━━━━━ Supplied records
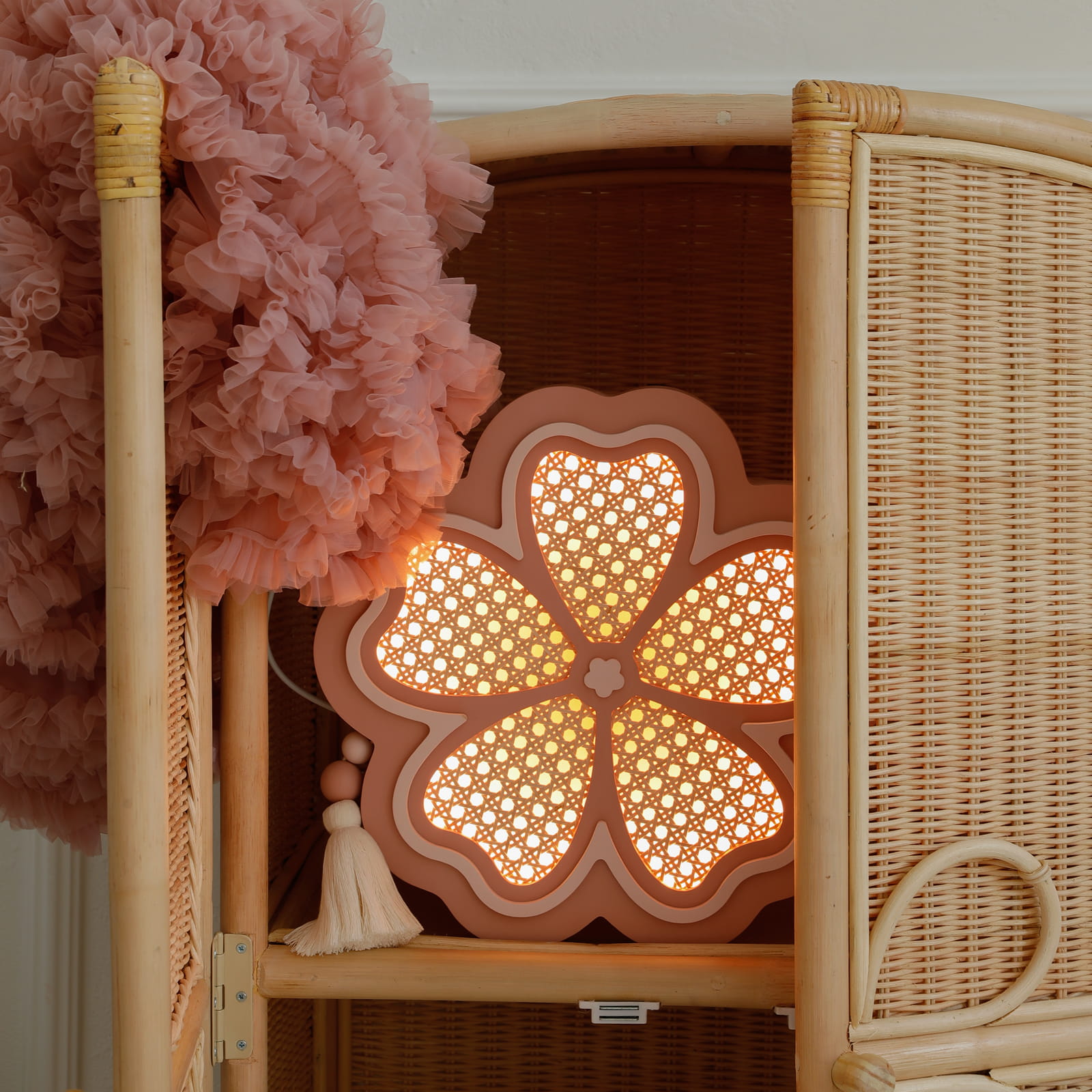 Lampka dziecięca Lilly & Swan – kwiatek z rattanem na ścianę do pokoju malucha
━━━━━━━━━━
━━━━━ Supplied records
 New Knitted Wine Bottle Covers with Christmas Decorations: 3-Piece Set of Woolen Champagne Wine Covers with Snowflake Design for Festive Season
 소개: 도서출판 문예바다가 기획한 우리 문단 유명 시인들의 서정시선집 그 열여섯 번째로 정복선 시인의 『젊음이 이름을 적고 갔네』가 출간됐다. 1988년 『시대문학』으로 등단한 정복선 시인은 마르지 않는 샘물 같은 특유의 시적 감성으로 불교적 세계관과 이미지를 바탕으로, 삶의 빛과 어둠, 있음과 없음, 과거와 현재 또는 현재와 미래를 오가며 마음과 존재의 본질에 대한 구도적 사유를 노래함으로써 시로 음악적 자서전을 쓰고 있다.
━━━━━━━━━━
━━━━━ Supplied records
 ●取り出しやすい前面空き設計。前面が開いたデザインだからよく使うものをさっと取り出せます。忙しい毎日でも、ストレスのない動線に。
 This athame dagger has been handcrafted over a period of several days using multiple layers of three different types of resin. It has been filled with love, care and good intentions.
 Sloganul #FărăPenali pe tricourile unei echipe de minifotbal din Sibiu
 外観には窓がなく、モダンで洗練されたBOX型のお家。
━━━━━━━━━━
Description of the task
If a line above includes the string "with", pick it out.

Response to the task
 New Knitted Wine Bottle Covers with Christmas Decorations: 3-Piece Set of Woolen Champagne Wine Covers with Snowflake Design for Festive Season
 This athame dagger has been handcrafted over a period of several days using multiple layers of three different types of resin. It has been filled with love, care and good intentions.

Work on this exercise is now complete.